- [Your objective]
This task calls for the lines below starting at the one containing "Koninklijk Theater Tuschinski, misschien" and ending at the one containing "Das Untergeschoss disponiert", repeated exactly with both ends kept and pictures left out.

- [Exercise input]
.....

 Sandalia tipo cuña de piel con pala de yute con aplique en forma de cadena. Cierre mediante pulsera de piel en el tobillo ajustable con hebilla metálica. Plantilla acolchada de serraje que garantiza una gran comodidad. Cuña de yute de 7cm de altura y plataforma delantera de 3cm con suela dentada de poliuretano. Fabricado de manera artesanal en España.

.....

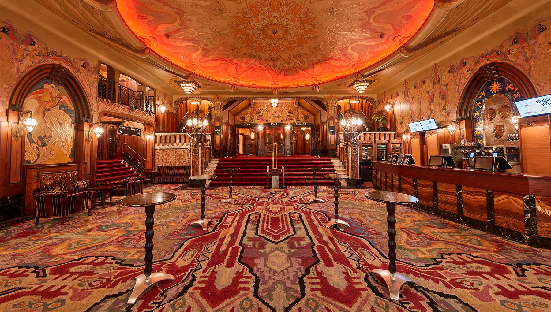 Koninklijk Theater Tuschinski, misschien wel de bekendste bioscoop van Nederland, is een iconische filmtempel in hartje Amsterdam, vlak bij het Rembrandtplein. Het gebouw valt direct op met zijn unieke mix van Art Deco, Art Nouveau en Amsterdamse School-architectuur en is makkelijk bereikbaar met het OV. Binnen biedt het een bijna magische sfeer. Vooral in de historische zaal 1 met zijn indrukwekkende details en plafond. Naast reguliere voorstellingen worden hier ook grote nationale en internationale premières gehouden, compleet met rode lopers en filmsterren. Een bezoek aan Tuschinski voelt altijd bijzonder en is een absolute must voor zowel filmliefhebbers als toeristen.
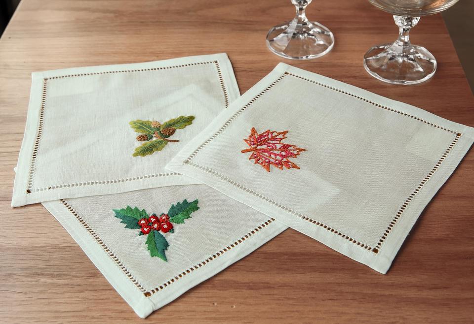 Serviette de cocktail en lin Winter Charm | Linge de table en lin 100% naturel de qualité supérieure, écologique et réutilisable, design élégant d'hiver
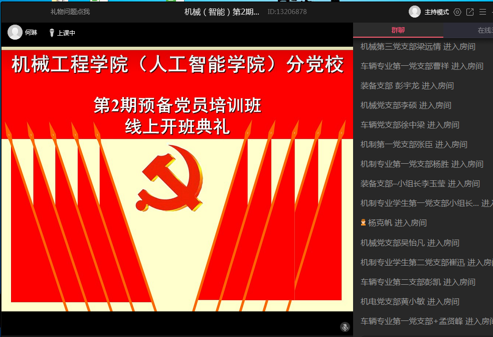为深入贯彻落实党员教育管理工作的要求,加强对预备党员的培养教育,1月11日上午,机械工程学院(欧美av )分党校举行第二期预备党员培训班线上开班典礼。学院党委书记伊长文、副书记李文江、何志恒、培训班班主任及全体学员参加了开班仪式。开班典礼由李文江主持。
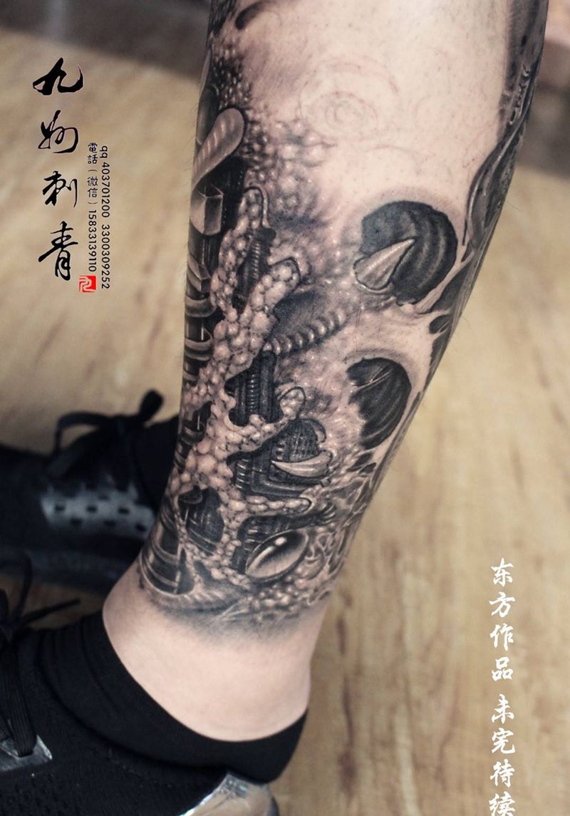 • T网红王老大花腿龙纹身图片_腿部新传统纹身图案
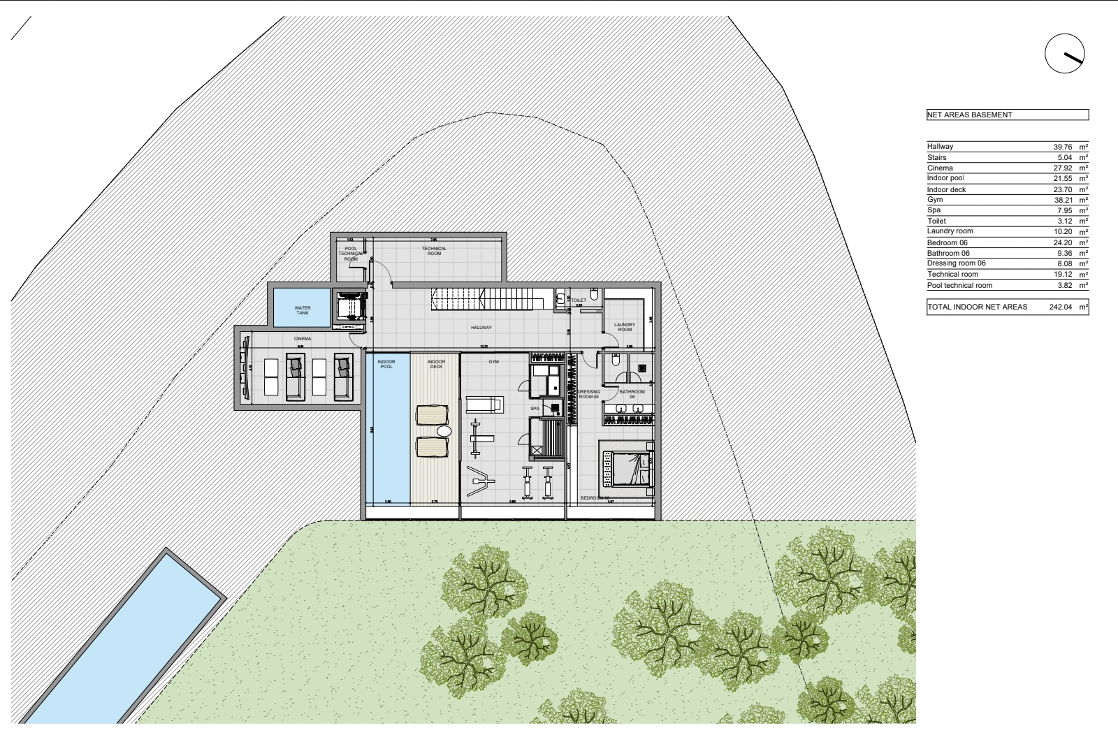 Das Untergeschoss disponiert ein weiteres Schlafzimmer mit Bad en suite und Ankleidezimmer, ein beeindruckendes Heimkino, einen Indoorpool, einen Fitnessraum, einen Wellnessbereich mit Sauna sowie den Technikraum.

.....

- [Output of the exercise]
 Koninklijk Theater Tuschinski, misschien wel de bekendste bioscoop van Nederland, is een iconische filmtempel in hartje Amsterdam, vlak bij het Rembrandtplein. Het gebouw valt direct op met zijn unieke mix van Art Deco, Art Nouveau en Amsterdamse School-architectuur en is makkelijk bereikbaar met het OV. Binnen biedt het een bijna magische sfeer. Vooral in de historische zaal 1 met zijn indrukwekkende details en plafond. Naast reguliere voorstellingen worden hier ook grote nationale en internationale premières gehouden, compleet met rode lopers en filmsterren. Een bezoek aan Tuschinski voelt altijd bijzonder en is een absolute must voor zowel filmliefhebbers als toeristen.
 Serviette de cocktail en lin Winter Charm | Linge de table en lin 100% naturel de qualité supérieure, écologique et réutilisable, design élégant d'hiver
为深入贯彻落实党员教育管理工作的要求,加强对预备党员的培养教育,1月11日上午,机械工程学院(欧美av )分党校举行第二期预备党员培训班线上开班典礼。学院党委书记伊长文、副书记李文江、何志恒、培训班班主任及全体学员参加了开班仪式。开班典礼由李文江主持。
 • T网红王老大花腿龙纹身图片_腿部新传统纹身图案
 Das Untergeschoss disponiert ein weiteres Schlafzimmer mit Bad en suite und Ankleidezimmer, ein beeindruckendes Heimkino, einen Indoorpool, einen Fitnessraum, einen Wellnessbereich mit Sauna sowie den Technikraum.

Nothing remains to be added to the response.